Effectiveness of Telemedicine for the Management of Foot Ulcers in People With Diabetes: A Meta-Analysis

Ushna Khan 1, Khubaib Ahmad 2, Sai Sreya Yadlapalli 3, Muhammad Haseeb 4,5,, Burha Kabir 6, Deepa Khemani 7, Palwasha Ghulam Moosa 8, Samiullah Khan 9
Editors: Alexander Muacevic, John R Adler
PMCID: PMC9683114  PMID: 36439575

Abstract

Treatment of diabetes-related foot ulcers presents great pressure on the healthcare system in terms of management strategy and allocation of resources. Telemedicine can be used to treat diabetic foot ulcers more effectively. This meta-analysis aims to evaluate the impacts of telemedicine on the treatment of diabetic foot ulcers. The current meta-analysis was conducted as per the reported guidelines of the Preferred Reporting Items for Systematic Review and Meta-analysis (PRISMA) statement. Two reviewers independently searched for relevant articles using PubMed, EMBASE, and the Cochrane Database of Systematic Reviews from inception to 31 August 2022, assessing the impacts of telemedicine on the treatment of diabetic foot ulcers. The primary outcomes assessed in the current meta-analysis included the percentage of foot ulcers healed and the time of healing foot ulcers within 12 months. Secondary outcomes included the percentage of amputation (minor and major) and all-cause mortality. A total of six studies were included in the current meta-analysis enrolling 1876 patients with diabetic foot ulcers. No difference was there between the two groups in terms of the number of patients whose ulcer healed (risk ratio (RR): 1.01, 95% confidence interval (CI): 0.93-1.09), time to healing of wound within 12 months (mean difference: -0.07, 95% CI: -0.31-0.17), the incidence of amputation (RR: 0.73, 95% CI: 0.54-1.00), and all-cause mortality (RR: 0.99, 95% CI: 0.42-2.37). In conclusion, the study found that telemedicine is non-inferior to standard care in terms of reducing healing time and the number of patients with ulcer healing within 12 months. The study also found that the incidence of amputation is also lower in patients assigned to the telemedicine group compared to patients in the control group and no significant differences were reported in terms of mortality.
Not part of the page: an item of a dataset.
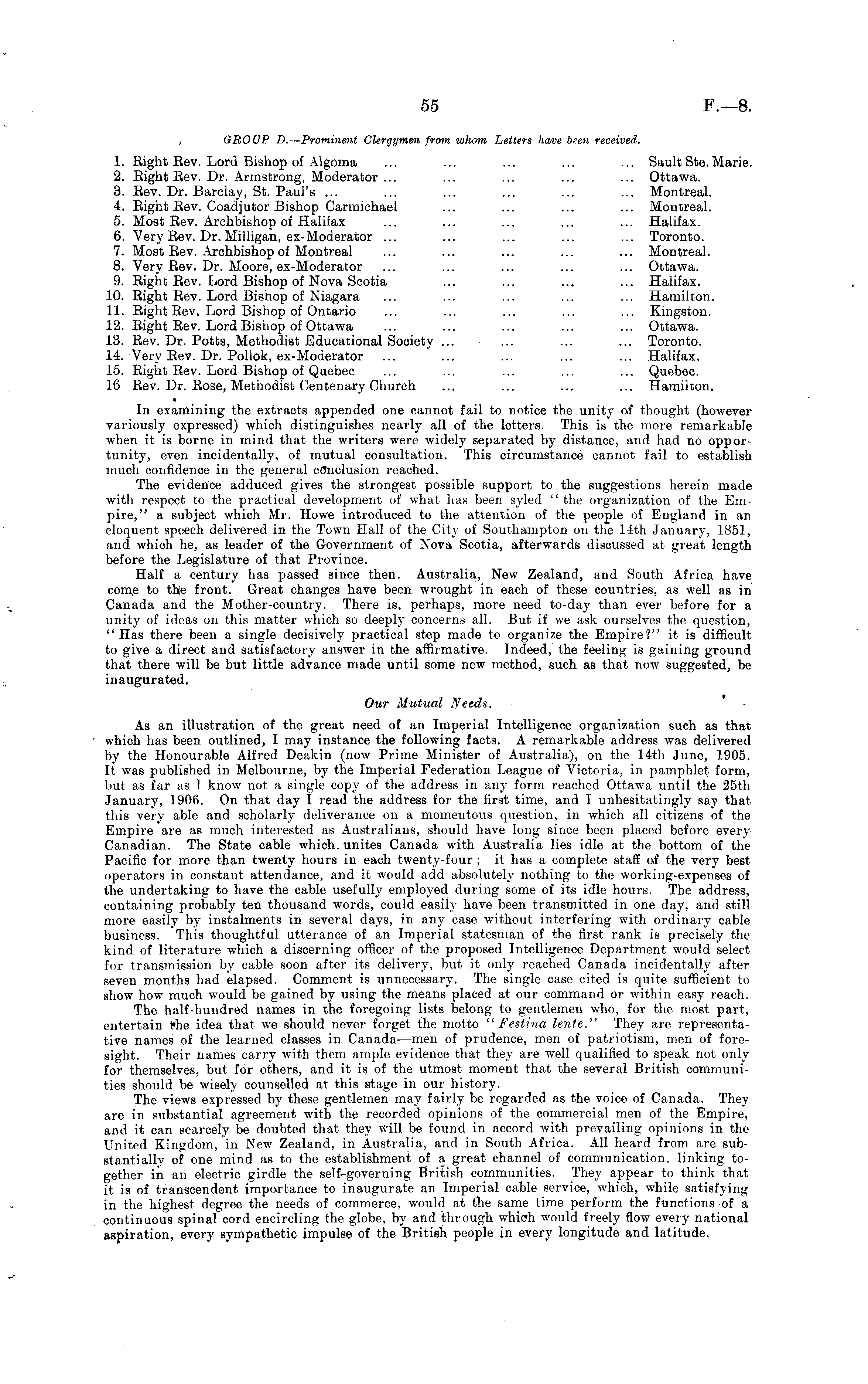 , GROUP D. — Prominent Clergymen from whom Letters have been received. 1. Right Rev. Lord Bishop of Algoma ... ... ... ... ... Sault Ste. Marie. 2. Right Rev. Dr. Armstrong, Moderator ... ... ... ... ... Ottawa. 3. Rev. Dr. Barclay, St. Paul's ... ... ... ... ... ... Montreal. 4. Right Rev. Coadjutor Bishop Carmichael ... ... ... ... Montreal. 5. Most Rev. Archbishop of Halifax ... ... ... ... ... Halifax. 6. Very Rev. Dr. Milligan, ex-Moderator ... ... ... ... ... Toronto. 7. Most Rev. Archbishop of Montreal ... ... ... ... ... Montreal. 8. Very Rev. Dr. Moore, ex-Moderator ... ... ... ... ... Ottawa. 9. Right Rev. Lord Bishop of Nova Scotia ... ... ... ... Halifax. 10. Right Rev. Lord Bishop of Niagara ... ... ... ... ... Hamilton. 11. Right Rev. Lord Bishop of Ontario ... ... ... ... ... Kingston. 12. Bight Rev. Lord Bisiiop of Ottawa ... ... ... ... ... Ottawa. 13. Rev. Dr. Potts, Methodist Educational Society ... ... ... ... Toronto. 14. Very Rev. Dr. Pollok, ex-Moderator ... ... ... ... ... Halifax. 15. Right Rev. Lord Bishop of Quebec ... ... ... ... ... Quebec. 16 Rev. Dr. Rose, Methodist Centenary Church ... ... ... ... Hamilton. In examining the extracts appended one cannot fail to notice the unity of thought (how r ever variously expressed) which distinguishes nearly all of the letters. This is the more remarkable when it is borne in mind that the writers were widely separated by distance, and had no opportunity, even incidentally, of mutual consultation. This circumstance cannot fail to establish much confidence in the general conclusion reached. The evidence adduced gives the strongest possible support to the suggestions herein made with respect to the practical development of what has been syled " the organization of the Empire," a subject which Mr. Howe introduced to the attention of the people of England in an eloquent speech delivered in the Town Hall of the City of Southampton on the 14th January, 1851, and which he, as leader of the Government of Nova Scotia, afterwards discussed at great length before the Legislature of that Province. Half a century has passed since then. Australia, New Zealand, and South Africa have come to thle front. Great changes have been wrought in each of these countries, as well as in Canada and the Mother-country. There is, perhaps, more need to-da}' than ever before for a unity of ideas on this matter which so deeply concerns all. But if we ask ourselves the question, "Has there been a single decisively practical step made to organize the Empire?" it is difficult to give a direct and satisfactory answer in the affirmative. Indeed, the feeling is gaining ground that there will be but little advance made until some new method, such as that now suggested, be inaugurated. Our Mutual Needs. As an illustration of the great need of an Imperial Intelligence organization such as that which has been outlined, I may instance the following facts. A remarkable address was delivered by the Honourable Alfred Deakin (now Prime Minister of Australia), on the 14th June, 1905. It was published in Melbourne, by the Imperial Federation League of Victoria, in pamphlet form, but as far as I know not a single copy of the address in am' form reached Ottawa until the 25th January, 1906. On that day I read the address for the first time, and I unhesitatingly say that this very able and scholarly deliverance on a momentous question, in which all citizens of the Empire are as much interested as Australians, should have long since been placed before every Canadian. The State cable which, unites Canada with Australia lies idle at the bottom of the Pacific for more than twenty hours in each twenty-four ; it has a complete staff of the very best operators in constant attendance, and it would add absolutely nothing to the working-expenses of the undertaking to have the cable usefully employed during some of its idle hours. The address, containing probably ten thousand words, could easily have been transmitted in one day, and still more easily by instalments in several days, in any case without interfering with ordinary cable business. This thoughtful utterance of an Imperial statesman of the first rank is precisely the kind of literature which a discerning officer of the proposed Intelligence Department would select for transmission by cable soon after its delivery, but it only reached Canada incidentally after seven months had elapsed. Comment is unnecessary. The single case cited is quite sufficient to show how much would be gained by using the means placed at our command or within easy reach. The half-hundred names in the foregoing lists belong to gentlemen who, for the most part, entertain ¥he idea that we should never forget the motto " Festina lente." They are representative names of the learned classes in Canada—men of prudence, men of patriotism, men of foresight. Their names carry with them ample evidence that they are well qualified to speak not only for themselves, but for others, and it is of the utmost moment that the several British communities should be wisely counselled at this stage in our history. The views expressed by these gentlemen may fairly be regarded as the voice of Canada. They are in substantial agreement with the recorded opinions of the commercial men of the Empire, and it can scarcely be doubted that they will be found in accord with prevailing opinions in the United Kingdom, in New Zealand, in Australia, and in South Africa. All heard from are substantially of one mind as to the establishment of a great channel of communication, linking together in an electric girdle the self-governing British communities. They appear to think that it is of transcendent importance to inaugurate an Imperial cable service, which, while satisfying in the highest degree the needs of commerce, would at the same time perform the functions of a continuous spinal cord encircling the globe, by and through which would freely flow every national aspiration, every sy

Keywords: meta-analysis, ulcer healing, telemedicine, foot ulcer, diabetes

Introduction and background

Treatment of diabetes-related foot ulcers presents great pressure on the healthcare system in terms of management strategy and allocation of resources [1]. Nearly 7% to 15% of people with diabetes will have at least one-foot ulcer during a lifetime [2]. Diabetes is associated with neuropathy, ischemia, and deformities that lead to a greater risk of developing foot ulcers [3]. These ulcers impair the quality of life and mobility of patients and bring them great physical discomfort [3]. The presence of a foot ulcer is linked to a greater incidence of all-cause mortality [4]. Every year, 500 major amputations caused by diabetic foot ulcers cost Denmark in terms of heavy financial burden [5]. In 1995, it was calculated that a major amputation would cost between $59,000 and $87,000 [6].

Elderly individuals with comorbidities like diabetes and foot ulcers place a challenge on healthcare systems all over the world. A chronic wound is linked with increased individual psychological and physical strain and other comorbidities that further reduces their capacity to see a specialist, who, in certain regions, may be located in distant areas [7]. Finding methods to treat persons with lower limb ulcers in geographically remote areas is a top priority due to the lack of professionals in such fields [8]. Due to this, there is a growing focus on discovering technical solutions to enhance healthcare results without doing more harm. Telemedicine is a field that has the capability to provide quality services from a distance [9]. It includes different kinds of technologies for monitoring, treating, and developing innovative solutions and has a greater potential to enhance patients’ outcomes at a low cost [10].

Treatment of diabetic foot ulcers often needs frequent consultation and contact with health care professionals that may insert a heavy burden on patients [11]. In addition, the treatment of diabetic ulcers is challenging for healthcare professionals, as it may take several months to heal and cause amputation, gangrene, and osteomyelitis [12]. As per international guidelines, patients with diabetic foot ulcers need to be referred to specialist healthcare facilities at an early age [13]. However, in different countries, many foot ulcer patients are treated in primary care with a lack of doctors and nurses and access to special healthcare facilities [14]. Telemedicine can decrease the demand for specialist healthcare professionals by transferring follow-up and treatment to home or primary healthcare facilities while sustaining a high quality of wound care. These characteristics imply that telemedicine, when offered by a multidisciplinary team via an interactive platform, has the promise to be a successful strategy in the management of diabetic foot ulcers in patients with diabetes [12].

There is an increasing interest in reducing outpatient consultations and hospital visits and easing the care of individuals with diabetes and foot ulcers, particularly in remote areas. For more efficient management of diabetic foot care, telemedicine can be a solution to enhance communication among different levels of care and increase the quality of care in health care services [12]. However, the efficiency of telemedicine interventions for patients with diabetic foot ulcers related to organizational, behavioral, and clinical outcomes in comparison to traditional follow-up care is unclear. In order to evaluate the function of telemedicine for this illness, a high-quality systematic review is required because the apparent effects of telemedicine for the treatment of diabetic foot ulcers are still up for debate. This meta-analysis aims to evaluate the impacts of telemedicine on the treatment of diabetic foot ulcers.

Review

Methodology

The current meta-analysis was conducted as per the reported guidelines of the “Preferred Reporting Items for Systematic Review and Meta-analysis” (PRISMA) statement.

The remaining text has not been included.